Repton is a village and civil parish in the South Derbyshire district of Derbyshire, England, located on the edge of the River Trent floodplain, about  north of Swadlincote. The population taken at the 2001 Census was 2,707, increasing to 2,867 at the 2011 Census. Repton is close to the county boundary with neighbouring Staffordshire and about  northeast of Burton upon Trent.

The village is noted for St Wystan's Church, Repton School and the Anglo-Saxon Repton Abbey and medieval Repton Priory.

History

Christianity was reintroduced to the Midlands at Repton, where some of the Mercian royal family under Peada were baptised in AD 653. Soon a double abbey under an abbess was built.

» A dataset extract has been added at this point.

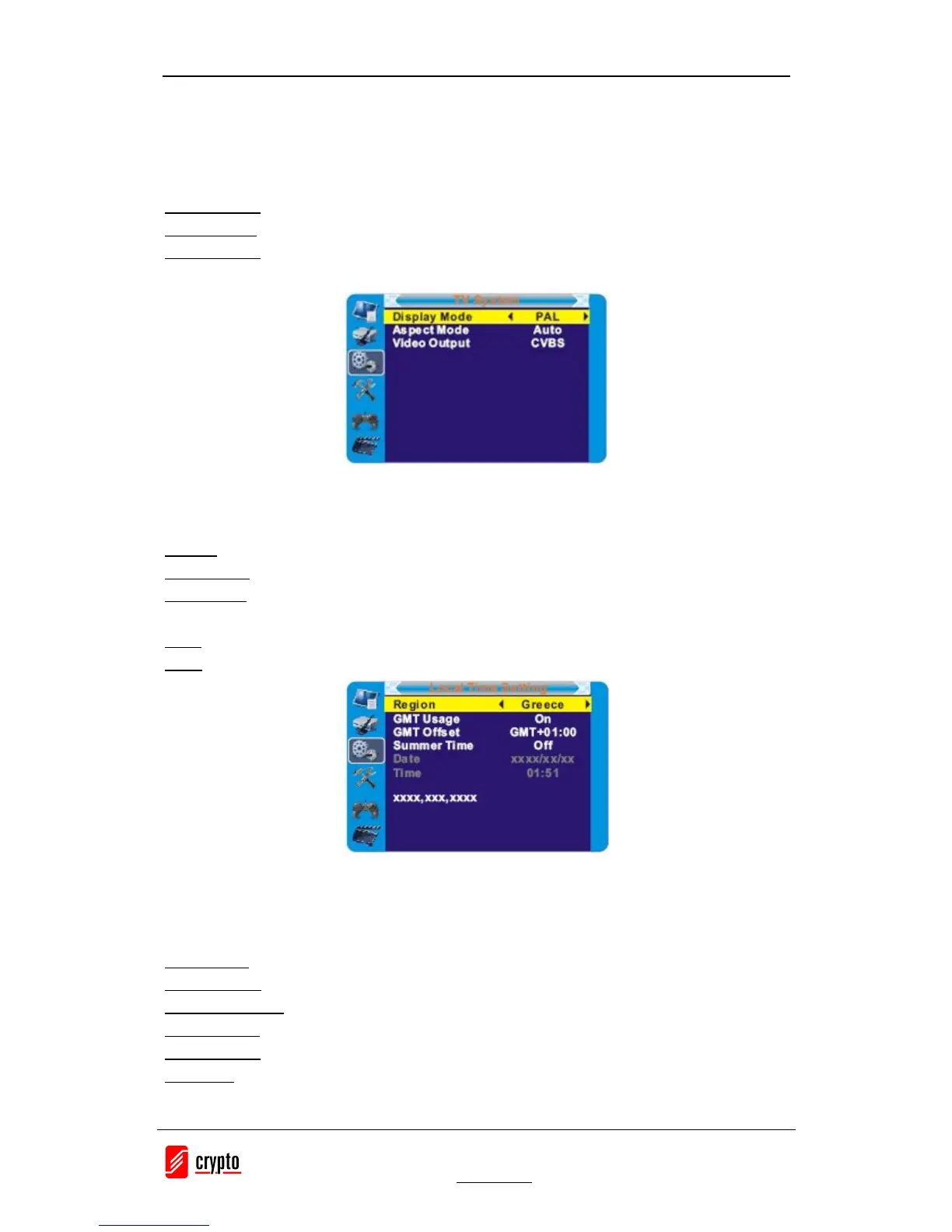 Date: "Date" and "Time" menus are valid only when selected "Off" in GMT Usage menu.

In 669 the Bishop of Mercia translated his see from Repton to Lichfield. Offa, King of Mercia, seemed to resent his own bishops paying allegiance to the Archbishop of Canterbury in Kent who, while under Offa's control, was not of his own kingdom of Mercia. Offa therefore created his own Archdiocese of Lichfield, which presided over all the bishops from the Humber to the Thames. Repton was thus the forebear of the archdiocese of Lichfield, a third archdiocese of the English church: Lichfield, the other two being Canterbury and York. This lasted for only 16 years, however, before Mercia returned to being under the Archbishopric of Canterbury.

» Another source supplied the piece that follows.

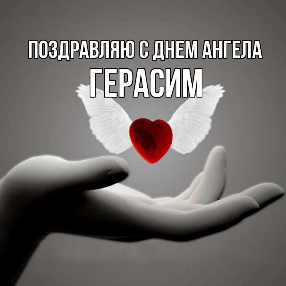 Открытка Поздравляю с днем Ангела Герасим. ангел. сердце

At the centre of the village is the Church of England parish church dedicated to Saint Wigstan of Mercia.

In 873–74 the Great Heathen Army overwintered at Repton, one of only a few places in England where a Viking winter camp has been located. Excavations from 1974 to 1988 found a D-shaped earthwork on a bluff, overlooking an arm of the River Trent, and opened a mound containing a mass grave. The mass grave contained the remains of at least 264 individuals. The bones were disarticulated and mostly jumbled together. Forensic study revealed that the individuals ranged in age from their late teens to about forty, 80% were male where sex could be determined. Five associated pennies fit well with the overwintering date of 873–74 and this date was later confirmed by a reassessment of the radiocarbon dates.

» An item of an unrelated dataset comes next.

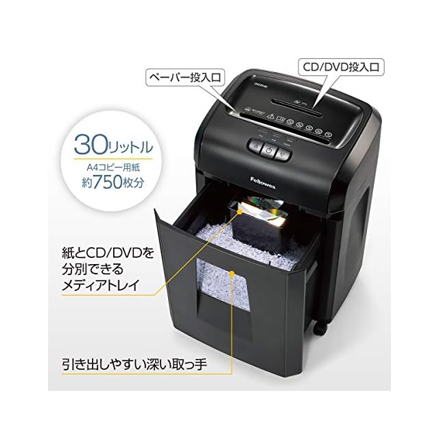 【細断クズ収容】A4紙750枚分(30リットル) *推奨ゴミ袋サイズ45リットル【連続使用】30分 【電源コード長さ】1.2m 【キャスター】あり

An early 18th century account describes how, in the last quarter of the 17th century, Thomas Walker, a workman looking for stone, opened the mound and found the skeleton of a "nine foot tall" man in a stone coffin in the remains of a building. According to the account, human bones had been neatly stacked around the coffin.

Parish church

The church is notable for its Anglo-Saxon crypt, which was built in the 8th century AD as a mausoleum for the Mercian royal family. Wystan, or Wigstan, was a prince of Mercia who was murdered by his guardian in 849, in the reign of Wiglaf. His remains were buried in the crypt at Repton and miracles were ascribed to them. Repton proceeded to become a place of pilgrimage; Wigstan was later canonised and became the patron saint of the church.
At the north edge of the village is St Wystan's Church, an Anglo-Saxon church dedicated to the Anglo-Saxon Saint Wystan (or Wigstan) and designated by English Heritage as a Grade I listed building. The 8th-century crypt beneath the church was the original burial place of Saint Wigstan, as well as his grandfather, King Wiglaf of Mercia. Also buried there is King Æthelbald of Mercia, under whose reign the building was first constructed, and for whom it was first converted to a mausoleum. Upon the burial of St Wigstan, the crypt became a shrine and place of pilgrimage.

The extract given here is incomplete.